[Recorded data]
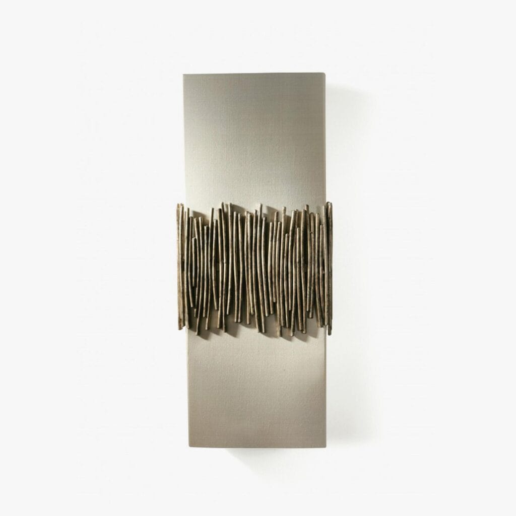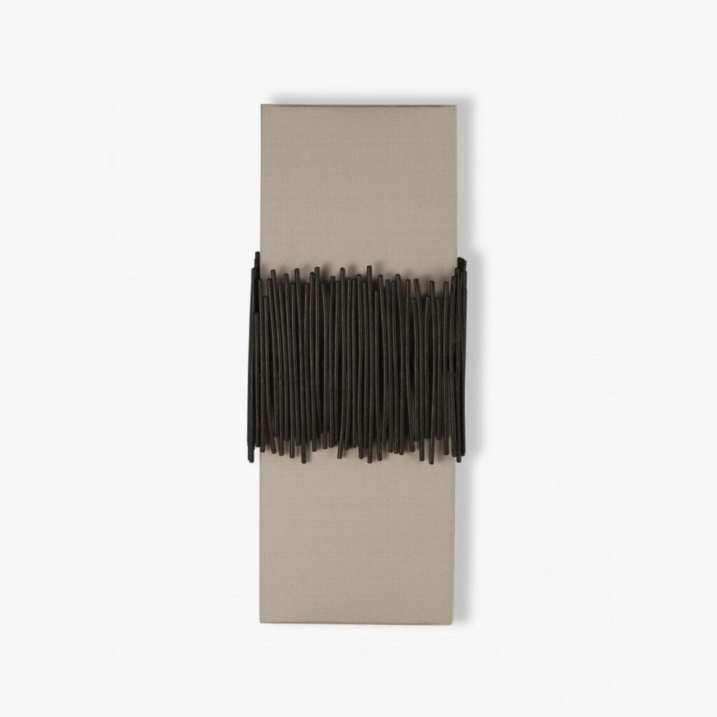 Over 70 pieces of hand cut and twisted metal bars are joined together to create this very sculptural wrap-around frame for a silk shade. Each piece will be made to a precise outside dimension whilst having a uniquely hand made collection of individual elements, ensuring that no two pieces will ever be entirely the same.
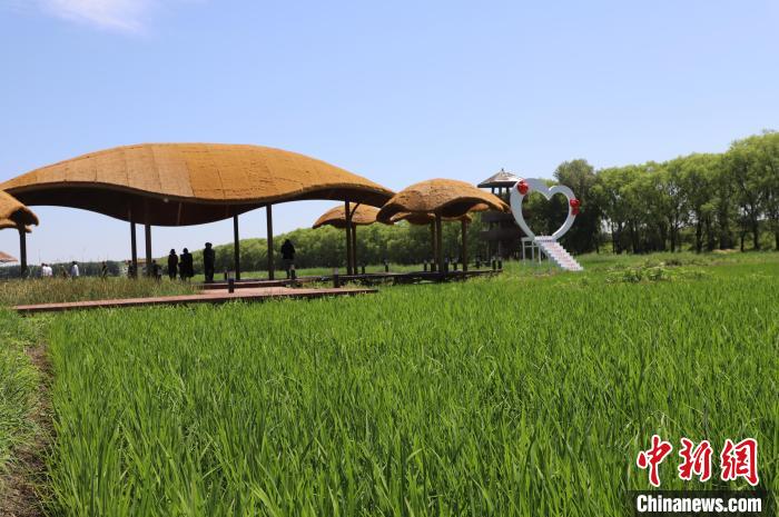 在“稻夢空間”,300多畝的水稻田成為網(wǎng)紅拍照打卡點;稻米水系沿岸的特色民宿街上,游客們體驗手工制茶。
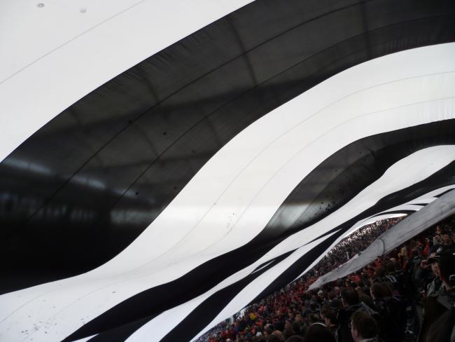 Während draußen Hunderte Eintrachtfans seitens der Polizei eingekesselt und abfotografiert wurden, bereiteten andere eine Chreographie vor, die sich gewaschen hatte – Eine schwarzweiß gestreifte Blockfahne wurde über die gesamte Kurve gezogen, an der Plexiabsperrung im Oberrang prangte zudem ein Banner mit der Aufschrift Nordwestkurve Sportgemeinde Eintracht Frankfurt. Nach dem Einrollen der Blockfahne zeigte sich die Kurve geschlossen in Rotschwarzweiß und einem Banner im Mittelrang: Wir werden euch den Teufel schon austreiben. Muss klasse ausgesehen haben, ich selbst stand ja mittendrin.
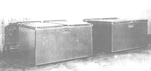 蒸煮锅配有必需的控制仪表,计有温度计、蒸汽压力表、蒸气控制阀、安全阀、电气开关按钮、指示灯、程序控制器等。图3-5-34所示为两台荷兰生产“COOLK-IN”火腿用的蒸煮锅,每台可放两个蒸煮架。照片后面位置是两套电气控制仪表屏。蒸煮锅的加温方法可采用电、油、煤气、低压蒸汽(0.05MPa以下)、高压蒸汽(0.4MPa以下)、煤炭等。
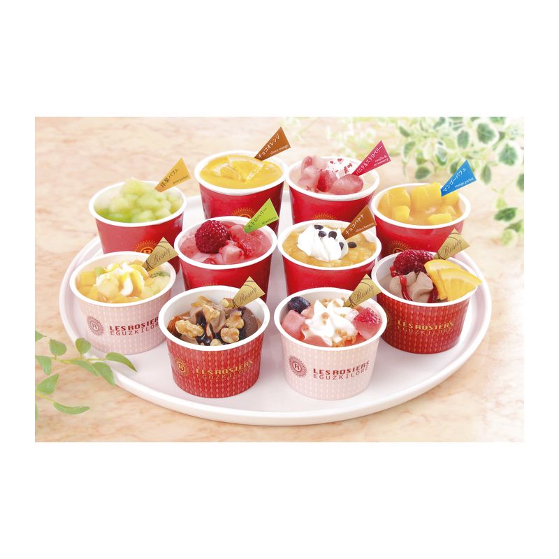 マンゴーパフェ・ストロベリー・バニラ&ストロベリー・チョコバナナ・チョコオレンジ・洋梨パフェ各105mL×各1、チョコ&ミックスフルーツ・チョコ&ミックスナッツ・バニラ&ミックスベリー・バニラ&トロピカルフルーツ各50mL×各1
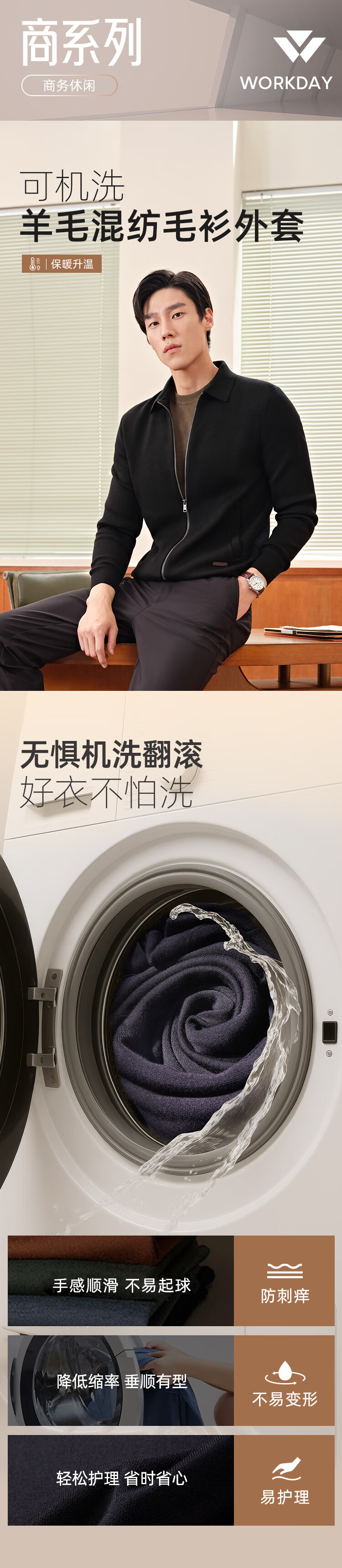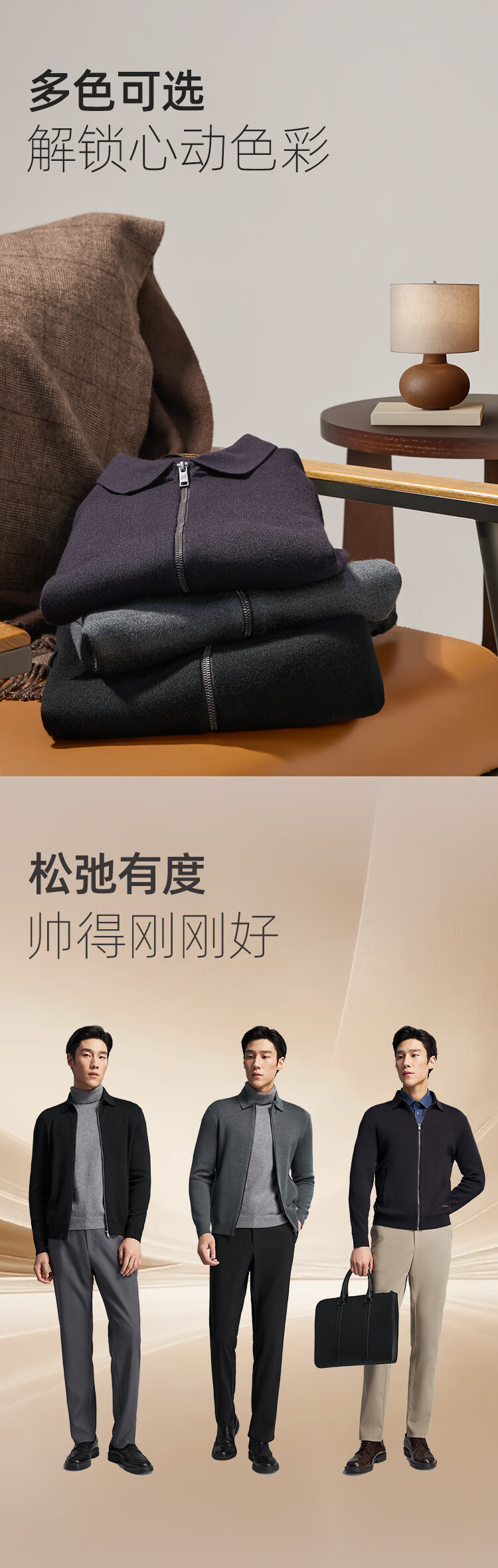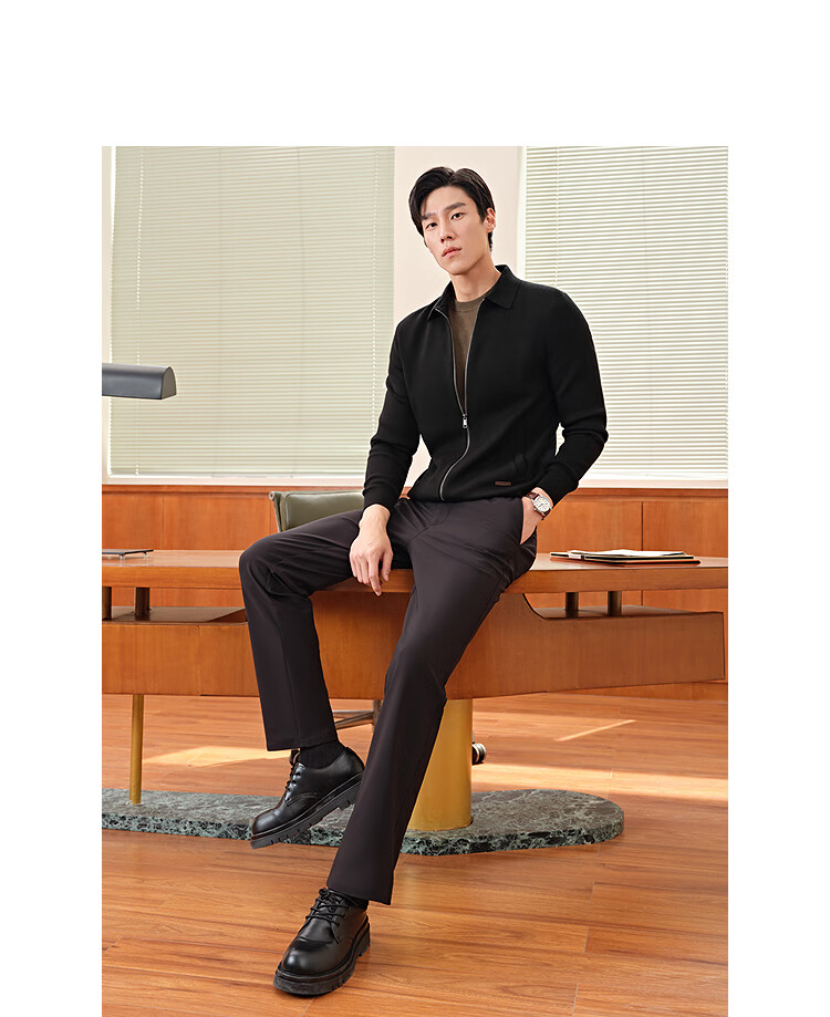 Youngor Sweater Men's Wool Blended Lapel Sweater Jacket Cardigan Suede Full Warm Comfort 2025 New Arrival Style Black VWHW619961AFA L 105cm (Recommended 145-165Jin Jin equals 0.5kg)
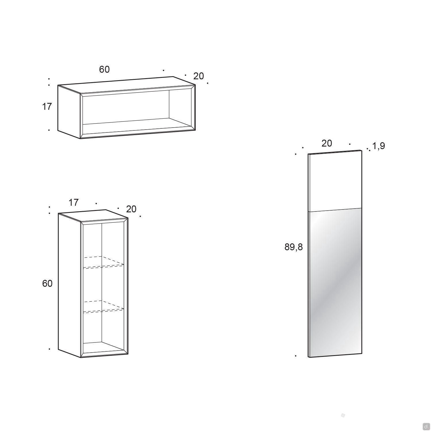 Matériaux et FinitionsEléments Ouverts et Miroirs:- mélaminéPatères:- métal chromé
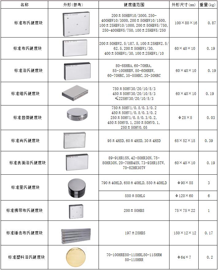 ●標(biāo)準(zhǔn)硬度塊是檢定硬度計(jì)是否在標(biāo)準(zhǔn)規(guī)定的誤差范圍內(nèi)的標(biāo)準(zhǔn)試塊;
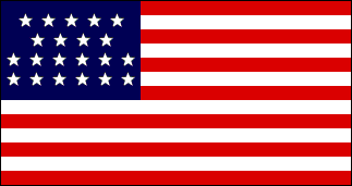 ABOVE: The 21-Star Flag became the offical U.S. flag on July 4th, 1819, with the admission of Illinois to the Union, December 3, 1818. This is the flag that would have flown at the time the Sibley Company Cabin was constructed. James Monroe was our fifth president. The flag changed one year later to the 23-Star Flag. Beginning in 1818, when Pontiac was founded, it was decided that only stars would be added for new states, versus a star and stripe as had been done previously. At that time, the flag reverted from fifteen stripes, on the Star Spangled Banner flag of 1814, to thirteen stripes, representing the thirteen founding colonies.
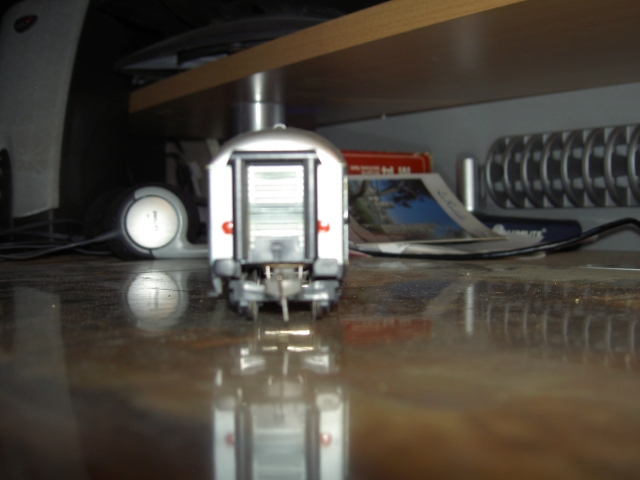 déjà les tampons coller de travers, la caisse mal clipsée sur le chassis, d’où une déformation de la caisse si stocage trop prolongé, les boggies sont durs et de plus pas assez de débattement, des roues qui auraient pu aller sur le trois rail, mais manque de bol, tout plastique, les roues aussi, donc poubelle ![]()
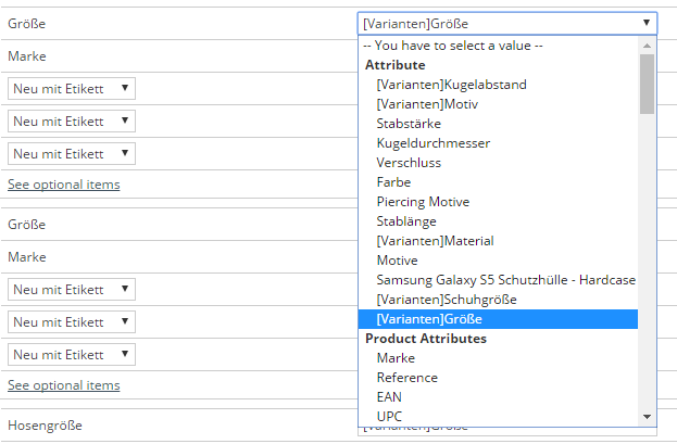Gohan Posted November 21, 2016 Author Share Posted November 21, 2016 Aktuell habe ich die gzip von Dir geladen und installiert. Was die Übersetzungen angeht. Achso, verstehe. eBay Modul = 202commerce > 202 hat einfach bestimmte Länder (warum auch immer) ausgegrenzt und jetzt gibt es das deswegen nicht mehr im Prestashop Store? Die scheinen es aber weiter zu entwickeln. Nur Downloaden kann man es nicht :S Naja zum Topic: Ich glaube, dass Problem betrifft nicht Prestashop Selbst. Ich habe bei "Katalog" ja dank deiner Übersetzung den Punkt "Artikelvarianten" und Artikeleigenschaften. Bei Prestashop kann man beides verwenden und es funktioniert auch. Im eBay Modul selbst kann man aber nur einer Kategorie eines von beiden zuweisen. Habe ich also 4 Artikel mit einer Variantengröße und 2 nur mit Größe kann das ja nicht funktionieren. Bei eBay kann man im Modul halt nur "Variantengröße" oder "Größe" auswählen. Wähle ich da also "Variantengröße" als "Größe" dann Synchronisiert er 4 Artikel als Varianten zu eBay. Wähle ich "Größe" als Eigenschaft aus, Synchronisiert er 2 Artikel als einzelne Artikel zu ebay. Beides geht aber nicht. Er meckert dann entweder wegen dem einen oder dem anderen rum. Im Dropdown bei dem Modul sieht es ja so aus: <select name="specific[733]"><option value="">-- You have to select a value --</option> Artikelvarianten <optgroup label="Attribute"> <option value="attr-12">[Varianten]Motiv</option> <option value="attr-13">Stabstärke</option> <option value="attr-14">Kugeldurchmesser</option> <option value="attr-15">Verschluss</option> <option value="attr-16">Farbe</option> <option value="attr-17">Piercing Motive</option> <option value="attr-18">Stablänge</option> <option value="attr-19">[Varianten]Material</option> <option value="attr-20">Motive</option> <option value="attr-22">[Varianten]Schuhgröße</option> <option value="attr-23" selected="">[Varianten]Größe</option> </optgroup> <optgroup label="Product Attributes"> <option value="brand-1">Marke</option> <option value="reference-1">Reference</option> <option value="ean-1">EAN</option> <option value="upc-1">UPC</option> </optgroup> Artikeleigenschaften <optgroup label="Merkmale"> <option value="feat-21">Gesamtlänge</option> <option value="feat-22">Farbe</option> <option value="feat-23">Material</option> <option value="feat-24">Marke</option> <option value="feat-25">Schuhgröße</option> <option value="feat-26">Obermaterial</option> <option value="feat-27">Innenmaterial</option> <option value="feat-28">Sohle</option> <option value="feat-29">Style</option> <option value="feat-31">Größe</option> <option value="feat-33">Stil</option> <option value="feat-35">Muster</option> <option value="feat-36">Slip-Art</option> <option value="feat-37">Ausschnitt</option> <option value="feat-38">Verschluss</option> </optgroup> <optgroup label="eBay-Spezifikationen"> <option value="spec-78558">2XS</option> <option value="spec-78559">XS</option> <option value="spec-78560">S</option> <option value="spec-78561">M</option> <option value="spec-78562">L</option> <option value="spec-78563">XL</option> <option value="spec-78564">2XL</option> <option value="spec-78565">3XL</option> <option value="spec-78566">4XL</option> <option value="spec-78567">32</option> <option value="spec-78568">34</option> <option value="spec-78569">36</option> <option value="spec-78570">38</option> <option value="spec-78571">40</option> <option value="spec-78572">42</option> <option value="spec-78573">44</option> <option value="spec-78574">46</option> <option value="spec-78575">48</option> <option value="spec-78576">50</option> <option value="spec-78577">52</option> <option value="spec-78578">54</option> <option value="spec-78579">56</option> <option value="spec-78580">58</option> <option value="spec-78581">60</option> <option value="spec-78582">62</option> <option value="spec-78583">64</option> <option value="spec-78584">16</option> <option value="spec-78585">17</option> <option value="spec-78586">18</option> <option value="spec-78587">19</option> <option value="spec-78588">20</option> <option value="spec-78589">21</option> <option value="spec-78590">22</option> <option value="spec-78591">23</option> <option value="spec-78592">24</option> <option value="spec-78593">25</option> <option value="spec-78594">26</option> <option value="spec-78595">27</option> <option value="spec-78596">28</option> <option value="spec-78597">29</option> <option value="spec-78598">30</option> <option value="spec-78599">31</option> <option value="spec-78600">68</option> <option value="spec-78601">72</option> <option value="spec-78602">76</option> <option value="spec-78603">80</option> <option value="spec-78604">84</option> <option value="spec-78605">88</option> <option value="spec-78606">92</option> <option value="spec-78607">96</option> <option value="spec-78608">100</option> <option value="spec-78609">104</option> <option value="spec-78610">108</option> <option value="spec-78611">112</option> <option value="spec-78612">116</option> <option value="spec-78613">120</option> <option value="spec-78614">124</option> <option value="spec-585407">5XL</option> <option value="spec-585408">6XL</option> <option value="spec-585409">7XL</option> <option value="spec-585410">8XL</option> <option value="spec-585411">9XL</option> <option value="spec-585412">10XL</option> <option value="spec-608308">66</option> <option value="spec-608309">33</option> <option value="spec-608310">128</option> <option value="spec-608311">132</option> <option value="spec-608312">136</option> </optgroup> </select> Das sieht im Modul so aus: Beides geht nicht :S Ich kann auch nicht einfach Artikel in Varianten ändern, das unterstützt eBay nicht. Eieiei, durch deren Streitigkeiten bin ich als Händler der auf Prestashop vertraute wirklich in die Enge getrieben. Das ist mist. Eine Alternative gibt es ja quasi auch nicht, wenn man nicht diese utopischen 300€ für dieses andere Modul ausgibt. Das grenzt schon an Wuc
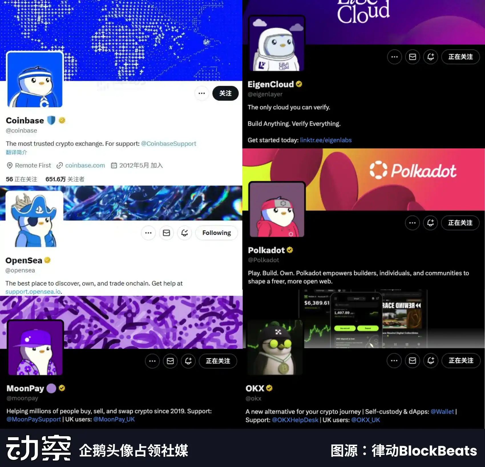 动察 Beating:最近很多名人和公司在 X 上把头像换成了 Pudgy Penguins,背后到底发生了什么?
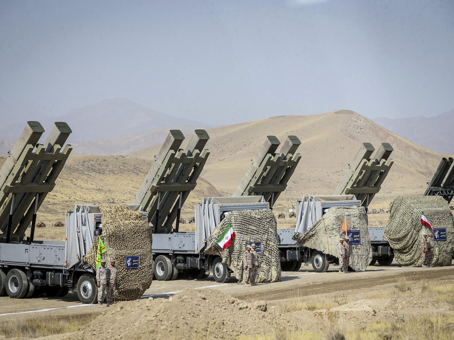 Bức ảnh này do lực lượng mặt đất của Vệ binh Cách mạng cung cấp vào thứ Hai, ngày 17 tháng 10 năm 2022, cho thấy các hệ thống tên lửa đang diễn tập ở tây bắc Iran. - Sputnik Việt Nam, 1920, 02.03.2026
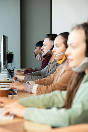 Young serious male operator and his colleagues consulting clients online
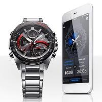 機能面では専用アプリケーション「EDIFICE Connected」※1をインストールして、対応するスマートフォンと連携することにより、時刻修正などを簡単に行うことができます。スマートフォンと連携して1日4回の時刻の自動修正が可能で、海外渡航時などにも時計のワンプッシュ操作で簡単に時刻を修正します。

EXERCISE REQUIREMENTS >>
Give back the lines from the one containing "Young serious male" through the last line of the records above exactly as they appear, both included, and no pictures.

YOUR SOLUTION >>
 Young serious male operator and his colleagues consulting clients online
 機能面では専用アプリケーション「EDIFICE Connected」※1をインストールして、対応するスマートフォンと連携することにより、時刻修正などを簡単に行うことができます。スマートフォンと連携して1日4回の時刻の自動修正が可能で、海外渡航時などにも時計のワンプッシュ操作で簡単に時刻を修正します。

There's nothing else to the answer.